They also propose the energy intensive conversion of 'stranded gas' to liquids. This they state, would only increase the cost of the resulting barrel by about ten per cent over current oil prices.
Finally they propose burning methane, or converting methane into natural gas.
One notices a strong bias in this paper, as I mentioned above, in that for reasons I don't understand the author's are wedded to environmentally harmful strip mining practices and are also wedded to the idea of burning things up, even quoting 30 thousand years worth of methane burning, which would do who knows what to the environment and the atmosphere, when solar technology would spare us all the burning and all the strip mining and pollution and nuclear power plants they propose. Who knows what they are thinking. I can't figure it out. Perhaps they have jobs that depend on people burning fuels and thus think its great...
They follow the above with criticism of the Hubble Bell Curve, which describes 'peak oil', and their criticism is that not every oil field or well follows a bell curve, indeed some are assymetric. This might be true, but it is still a poor argument against 'wasteful distractions' such as spending money on solar energy development, instead of spending it on equally expensive technologies such as shale extraction or methane, which they don't mind, and seem to think people can burn for at least another 30 thousand years.
After criticizing the hubble curve, and hubble's philosophy of life, they then praise nuclear reactors, which of course would be needed, not to fuel electric cars, but rather to convert shales and tar and methane to gasoline for SUVs. They argue that there is enough uranium to fuel nuke plants for at least 500 years. They advocate such environmentally harmful practices as 'mining the ocean water' for uranium which they say would only cost 1000 dollars a pound.
They also ignore the potential of solar power and falsely state that "If the environmental problems and perceptions surrounding nuclear power plants cannot be overcome, there is no known resource or technology which can supply energy for the civilization of the future."
To summarize my criticism of this paqe which is critical of peak oil, then, is that first of all, the authors, like everyone else, accept that oil is a finite resource, and that peak oil is a real phenomena, although the dispute the speed at which oil becomes economical at the peak. As for their proposed solutions, they are heavily biased towards burning fossil fuels, even when their proposed solutions require more energy to produce the end result than is stored within the fossil fuel itself. As I mentioned previously one could build those nuclear reactors they advocate, and power electrical cars, skipping that environmentally harmful unconventional oil extraction they advocate. One wonders, why bother, and therefore I found this page, which is critical of peak oil, to be very strange reading...

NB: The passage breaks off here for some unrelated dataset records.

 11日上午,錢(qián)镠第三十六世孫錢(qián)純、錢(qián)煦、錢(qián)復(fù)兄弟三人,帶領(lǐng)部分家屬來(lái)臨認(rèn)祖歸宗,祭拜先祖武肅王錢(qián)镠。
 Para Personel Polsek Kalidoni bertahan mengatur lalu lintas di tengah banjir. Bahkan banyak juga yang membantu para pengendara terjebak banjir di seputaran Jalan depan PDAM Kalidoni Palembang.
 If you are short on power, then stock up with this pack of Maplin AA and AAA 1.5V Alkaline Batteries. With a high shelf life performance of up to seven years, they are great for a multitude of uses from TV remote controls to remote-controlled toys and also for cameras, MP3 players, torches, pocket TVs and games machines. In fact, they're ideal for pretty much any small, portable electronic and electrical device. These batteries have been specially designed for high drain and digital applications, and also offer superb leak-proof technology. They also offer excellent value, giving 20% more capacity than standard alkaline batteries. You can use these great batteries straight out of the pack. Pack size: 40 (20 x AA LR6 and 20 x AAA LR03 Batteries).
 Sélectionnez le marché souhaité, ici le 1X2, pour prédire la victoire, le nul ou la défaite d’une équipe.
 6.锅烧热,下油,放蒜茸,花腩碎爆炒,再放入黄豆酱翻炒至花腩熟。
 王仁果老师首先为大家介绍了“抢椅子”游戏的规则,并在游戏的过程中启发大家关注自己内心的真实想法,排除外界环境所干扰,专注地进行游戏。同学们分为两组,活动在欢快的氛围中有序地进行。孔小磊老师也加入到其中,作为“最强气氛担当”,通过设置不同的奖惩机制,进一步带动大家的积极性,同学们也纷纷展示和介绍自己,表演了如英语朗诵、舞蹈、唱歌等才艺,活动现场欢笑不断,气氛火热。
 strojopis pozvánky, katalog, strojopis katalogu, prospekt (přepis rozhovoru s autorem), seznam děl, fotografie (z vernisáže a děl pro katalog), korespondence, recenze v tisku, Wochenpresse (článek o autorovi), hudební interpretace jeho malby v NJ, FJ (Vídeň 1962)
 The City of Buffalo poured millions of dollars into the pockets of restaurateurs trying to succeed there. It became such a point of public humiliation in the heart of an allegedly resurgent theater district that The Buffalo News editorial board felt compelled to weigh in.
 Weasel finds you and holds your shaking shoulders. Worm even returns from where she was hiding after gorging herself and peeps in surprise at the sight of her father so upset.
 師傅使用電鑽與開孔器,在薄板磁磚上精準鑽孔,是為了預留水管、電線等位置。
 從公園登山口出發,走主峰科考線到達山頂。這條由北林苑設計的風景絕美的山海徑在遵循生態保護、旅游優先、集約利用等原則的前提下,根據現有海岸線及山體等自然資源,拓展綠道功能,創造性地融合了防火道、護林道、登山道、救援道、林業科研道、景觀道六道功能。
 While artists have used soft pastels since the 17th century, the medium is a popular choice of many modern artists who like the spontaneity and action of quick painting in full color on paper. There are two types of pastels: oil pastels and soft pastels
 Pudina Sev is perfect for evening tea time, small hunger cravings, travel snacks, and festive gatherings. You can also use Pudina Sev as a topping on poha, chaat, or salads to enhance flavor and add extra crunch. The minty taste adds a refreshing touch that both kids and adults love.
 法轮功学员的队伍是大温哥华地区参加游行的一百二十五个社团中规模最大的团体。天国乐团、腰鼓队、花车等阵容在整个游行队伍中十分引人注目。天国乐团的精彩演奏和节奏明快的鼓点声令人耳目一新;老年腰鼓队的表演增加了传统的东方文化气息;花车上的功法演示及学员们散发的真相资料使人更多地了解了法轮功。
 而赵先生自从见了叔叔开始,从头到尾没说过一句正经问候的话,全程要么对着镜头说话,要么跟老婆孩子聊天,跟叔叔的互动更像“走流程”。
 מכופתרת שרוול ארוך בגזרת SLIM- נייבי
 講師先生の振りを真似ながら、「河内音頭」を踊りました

The following page is skeptical of the hypothesis that peak oil is imminent (or even on going)
The page above is another of those that are critical of peak oil, although in the case of this author, the criticism is in the form of downplaying pessimism and always opting for the rosy scenario.
For the last three decades oil discoveries have declined significantly, and one of the author's arguments is that this historical trend is not an indication of what we can expect in the future. Here he is being entirely speculative. He doesn't know, but he optimistically hopes for the best. (And that's not good enough). If we assume that the historical trend holds then we assume that peak oil is nearer. He argues that history is refuted by "the finding of two new supergiant fields in Kazakhstan and Iran. Again, this refutes the argument that discoveries have been relatively low in recent decades due to geological scarcity and supports the optimists' arguments that the lower discoveries are partly due to reduced drilling." What he is suggesting here is that if we just drill more, we will find more, and that could be true, but his argument is still speculative, because at the end of it all we just don't know until we try, and while things could work out rosy, as he optimistically predicts, on the other hand, the past trends might hold and those two fields he is holding up as examples could just be those random statistical blips that often come along.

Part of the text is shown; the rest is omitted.